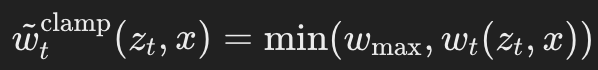 绘制w_t(z_t,x)随时间的变化曲线后(见图2),可以观察到在极低或极高噪声水平下,权重呈指数级增长。
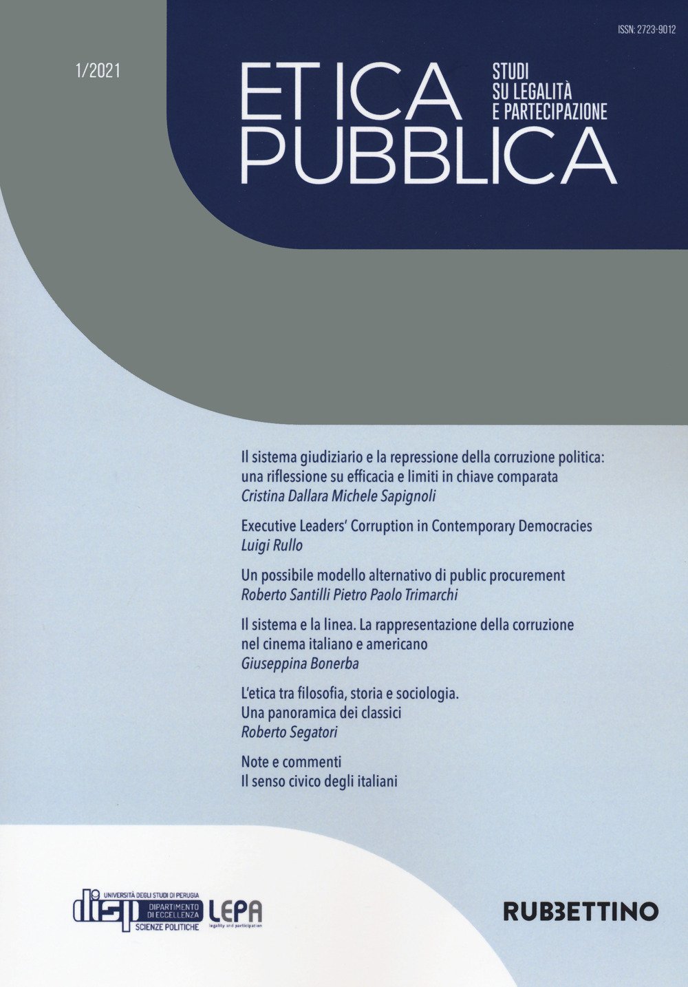La rivista “Etica pubblica. Studi su legalità e partecipazione” nasce all’interno del progetto Lepa (Legalità e partecipazione) grazie al quale il Dipartimento di Scienze Politiche dell’Università di Perugia è stato riconosciuto dal Ministero dell’Istruzione, dell’Università e della Ricerca “Dipartimento di Eccellenza”. La rivista parte da un presupposto principale: la legalità non può essere ridotta ad una questione di repressione. Legalità è soprattutto frutto di idee condivise di bene comune e interesse generale, appunto un’etica pubblica condivisa, che possa prevenire azioni e comportamenti devianti che minacciano e feriscono la convivenza civile. Un’etica pubblica improntata all’interesse generale presuppone nello stesso tempo la partecipazione attiva dei cittadini per la difesa e lo sviluppo di tali presupposti. È un’etica che fa sentire i cittadini parte decisiva ed attiva della comunità stessa. La rivista intende diventare luogo di dibattito e di promozione di queste idee. Ospita quindi contributi diversi, da quelli filosofici a quelli storici, da quelli giuridici a quelli sociologici, da quelli economici a quelli politologici che possano contribuire a sviluppare e a divulgare una più diffusa cultura dell’interesse generale indagandone, con un approccio scientifico, le origini, i presupposti, le modalità operative nei diversi ambiti della struttura sociale.
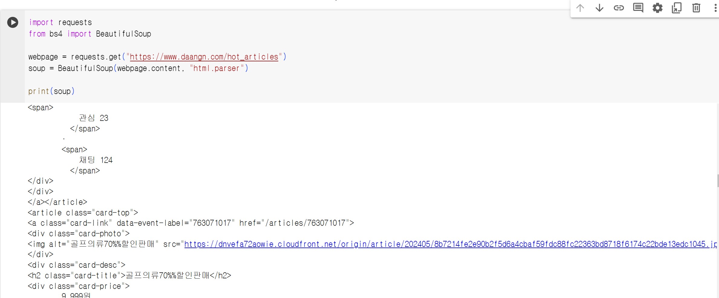 - doc์ ๋ด๊ธด HTML ํ์ผ์ ์ด์ด์ ํด๋น ๋ด์ฉ์ ๋ฌธ์์ด๋ก ์ฝ์ด์จ ํ์, BeautifulSoup ๋ผ์ด๋ธ๋ฌ๋ฆฌ๋ฅผ ์ฌ์ฉํ์ฌ ํ์ฑ๋ ๊ฒฐ๊ณผ๋ฅผ ํตํด ์ํ๋ ์ ๋ณด๋ฅผ ์ถ์ถํ ์ ์๋ค.
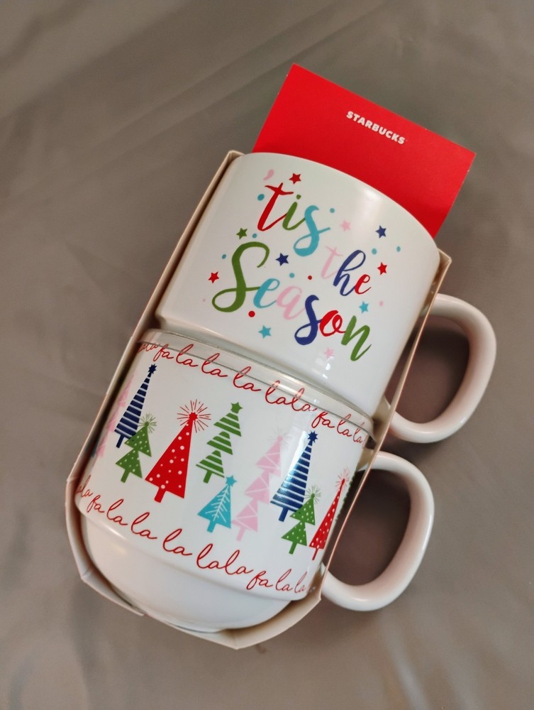 Enjoy your favorite hot beverage with these Starbucks Happy Holidays Stackable Mugs. The mugs feature a classic white color and are adorned with festive holiday designs. These original Starbucks mugs are perfect for collectors or anyone who loves coffee or tea. They are also great for advertising and food and beverage themed collections. The mugs are stackable, making them a space-saving addition to your mug collection. Get into the holiday spirit with these charming Starbucks Happy Holidays Stackable Mugs.
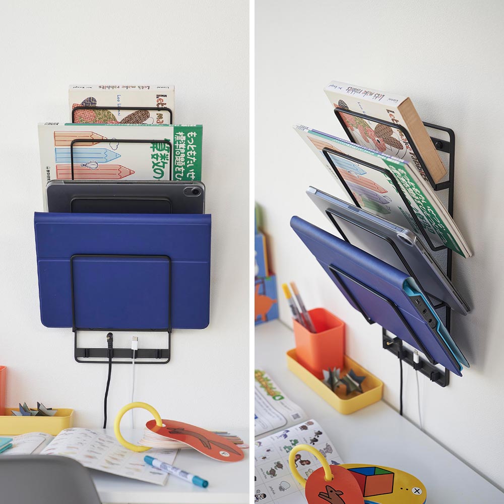 タブレットやノートPCを 置き場所に困るノートPCや学習用タブレットを、壁面に4台まとめて収納できるホルダーです。壁の穴が目立ちにくい石こうボードピンで設置できます。 壁のデッドスペースを活用するので、机や棚に平置きするための大きなスペースを確保する必要もなく、使用後はスッキリ整理整頓! 出し入れがスムーズな傾斜のついたホルダーで、収納したまま充電もできます。 本体の下には、充電ケーブルの差し込み口をホールドできるシリコーンホルダーが付いており、使用しない時も充電ケーブルが迷子になる心配がありません。 ブックスタンドとしてもご使用いただけます。 ![]() ![]() ![]() ![]() ![]() ![]() ![]() ![]() ![]() ![]() ![]() ![]() |
★ ★ ★ ★
# WHAT YOU ARE ASKED TO DO
Write out again, word for word, only the lines from the one with "- doc์ ๋ด๊ธด" through the last line of the material, and omit each picture.

# RESPONSE BELOW
 - doc์ ๋ด๊ธด HTML ํ์ผ์ ์ด์ด์ ํด๋น ๋ด์ฉ์ ๋ฌธ์์ด๋ก ์ฝ์ด์จ ํ์, BeautifulSoup ๋ผ์ด๋ธ๋ฌ๋ฆฌ๋ฅผ ์ฌ์ฉํ์ฌ ํ์ฑ๋ ๊ฒฐ๊ณผ๋ฅผ ํตํด ์ํ๋ ์ ๋ณด๋ฅผ ์ถ์ถํ ์ ์๋ค.
 Enjoy your favorite hot beverage with these Starbucks Happy Holidays Stackable Mugs. The mugs feature a classic white color and are adorned with festive holiday designs. These original Starbucks mugs are perfect for collectors or anyone who loves coffee or tea. They are also great for advertising and food and beverage themed collections. The mugs are stackable, making them a space-saving addition to your mug collection. Get into the holiday spirit with these charming Starbucks Happy Holidays Stackable Mugs.
 タブレットやノートPCを 置き場所に困るノートPCや学習用タブレットを、壁面に4台まとめて収納できるホルダーです。壁の穴が目立ちにくい石こうボードピンで設置できます。 壁のデッドスペースを活用するので、机や棚に平置きするための大きなスペースを確保する必要もなく、使用後はスッキリ整理整頓! 出し入れがスムーズな傾斜のついたホルダーで、収納したまま充電もできます。 本体の下には、充電ケーブルの差し込み口をホールドできるシリコーンホルダーが付いており、使用しない時も充電ケーブルが迷子になる心配がありません。 ブックスタンドとしてもご使用いただけます。 ![]() ![]() ![]() ![]() ![]() ![]() ![]() ![]() ![]() ![]() ![]() ![]() |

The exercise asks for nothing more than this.